The Gallup Poll revealed Friday that George W. Bush has pulled into a tie with Barack Obama over who was the better president.
Bush must be sad.
Just two years ago he held the title of the worst president in history. Only Mark McGwire’s record was broken faster.
Jerry Brown’s campaign aide was caught on tape Friday calling their governor’s race opponent Meg Whitman “a whore.” Even Democrats were outraged by the put-down.
Within the hour Eliot Spitzer sent Meg Whitman a $4,000 donation just out of habit.
Judge Talmadge Littlejohn of Mississippi jailed a lawyer for two hours Thursday for refusing to join in the Pledge of Allegiance to begin the day’s session.
It’s a long-held custom. Southerners must recite the Pledge of Allegiance once a day to fulfill the terms of surrender.
Universal Studios pulled a trailer for The Dilemma showing Vince Vaughn telling a crowd that electric cars are “gay.”

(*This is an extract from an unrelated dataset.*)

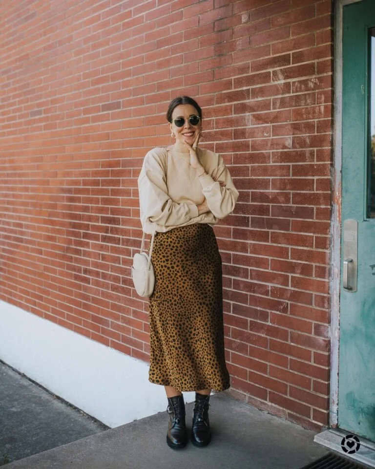 A leopard slip skirt and a cozy sweatshirt shouldn’t work together… but they absolutely do. This is that sweet spot where comfort meets cool, and the whole outfit looks like it knows exactly what it’s doing.

There’s no hiding the truth.
Last night in San Francisco a Prius was arrested for public indecency when it locked bumpers with a Smart Car on Nob Hill.
Lou Holtz was ordered by ESPN Thursday to stop sending fund raising letters on behalf of the GOP. College football has a huge effect on politics.
Fifteen Southern states voted Republican in the last election because Obama sounds too much like Go Bama.
Swiss bankers acknowledged Friday that the world’s wealthiest investors have been buying up gold, causing gold’s price per ounce to skyrocket.
It’s gotten crazy.
Last week, tourists in Beverly Hills saw Mr. T in a pawn shop, for $600,000.